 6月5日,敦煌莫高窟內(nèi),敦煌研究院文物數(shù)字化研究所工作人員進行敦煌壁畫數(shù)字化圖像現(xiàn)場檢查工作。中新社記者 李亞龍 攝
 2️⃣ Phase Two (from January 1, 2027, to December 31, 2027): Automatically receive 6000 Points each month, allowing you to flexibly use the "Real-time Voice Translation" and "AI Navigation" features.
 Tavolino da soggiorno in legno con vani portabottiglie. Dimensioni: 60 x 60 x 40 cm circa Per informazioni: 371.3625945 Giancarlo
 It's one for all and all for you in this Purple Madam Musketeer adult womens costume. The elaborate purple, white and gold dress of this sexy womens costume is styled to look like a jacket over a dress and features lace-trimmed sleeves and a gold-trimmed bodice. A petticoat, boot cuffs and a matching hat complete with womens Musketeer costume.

==

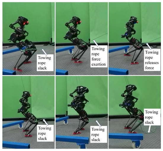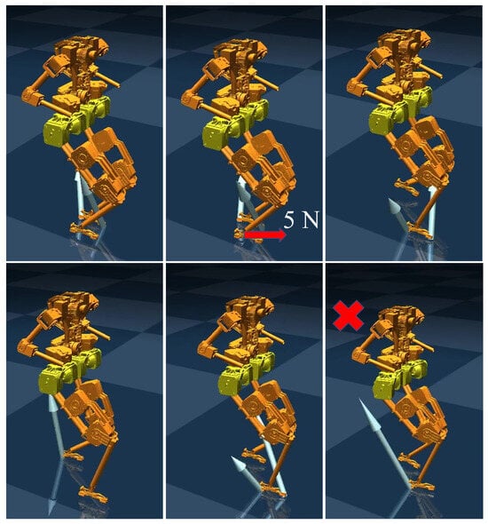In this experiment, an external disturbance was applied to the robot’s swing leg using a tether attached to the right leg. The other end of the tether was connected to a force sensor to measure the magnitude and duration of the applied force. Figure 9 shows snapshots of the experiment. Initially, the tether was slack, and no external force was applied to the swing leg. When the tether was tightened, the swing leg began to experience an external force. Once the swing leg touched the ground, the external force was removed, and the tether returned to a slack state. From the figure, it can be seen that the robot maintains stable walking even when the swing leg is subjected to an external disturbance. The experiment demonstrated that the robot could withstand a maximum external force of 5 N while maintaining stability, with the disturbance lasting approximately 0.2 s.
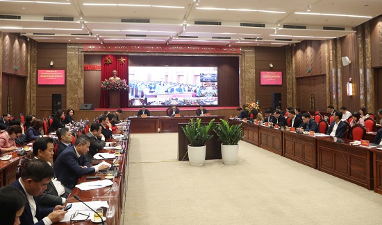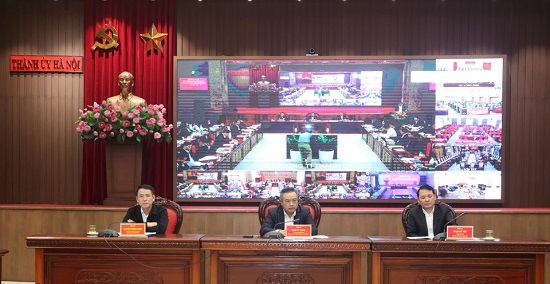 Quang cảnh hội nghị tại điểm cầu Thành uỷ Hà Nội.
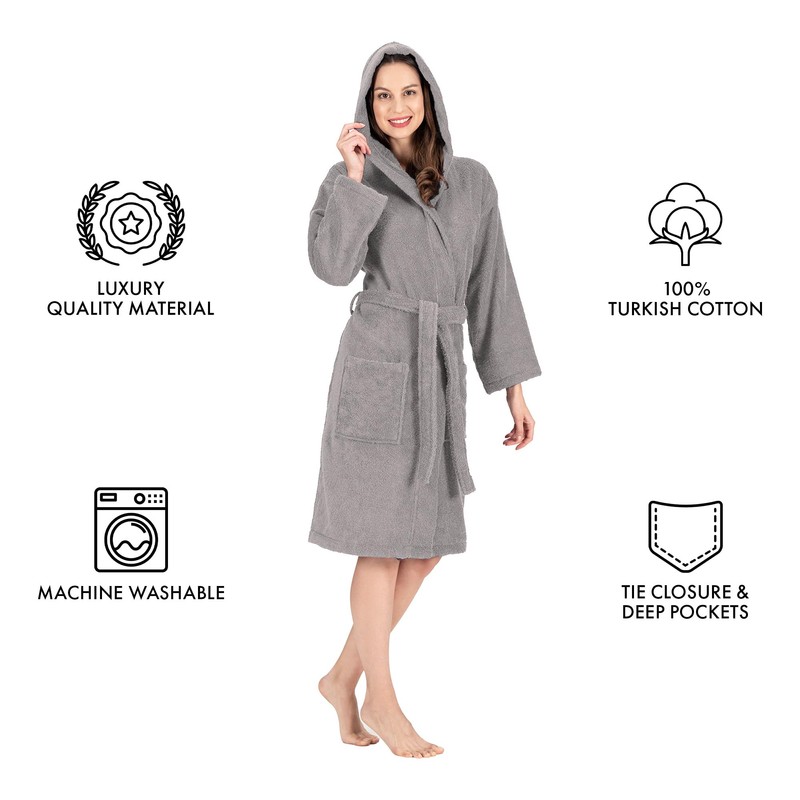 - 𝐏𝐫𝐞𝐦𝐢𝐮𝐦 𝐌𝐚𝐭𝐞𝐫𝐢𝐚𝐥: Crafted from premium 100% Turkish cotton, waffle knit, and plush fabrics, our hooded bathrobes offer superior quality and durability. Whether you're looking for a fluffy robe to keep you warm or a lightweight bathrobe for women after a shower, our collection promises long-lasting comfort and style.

--

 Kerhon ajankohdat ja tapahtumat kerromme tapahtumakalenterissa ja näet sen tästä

▶ Requirement
Quote the data above exactly from the line with "Quang cảnh hội" to the line with "- 𝐏𝐫𝐞𝐦𝐢𝐮𝐦 𝐌𝐚𝐭𝐞𝐫𝐢𝐚𝐥: Crafted", both ends counted, and nothing else. Pictures don't go in.

▶ Output for this task
 Quang cảnh hội nghị tại điểm cầu Thành uỷ Hà Nội.
 - 𝐏𝐫𝐞𝐦𝐢𝐮𝐦 𝐌𝐚𝐭𝐞𝐫𝐢𝐚𝐥: Crafted from premium 100% Turkish cotton, waffle knit, and plush fabrics, our hooded bathrobes offer superior quality and durability. Whether you're looking for a fluffy robe to keep you warm or a lightweight bathrobe for women after a shower, our collection promises long-lasting comfort and style.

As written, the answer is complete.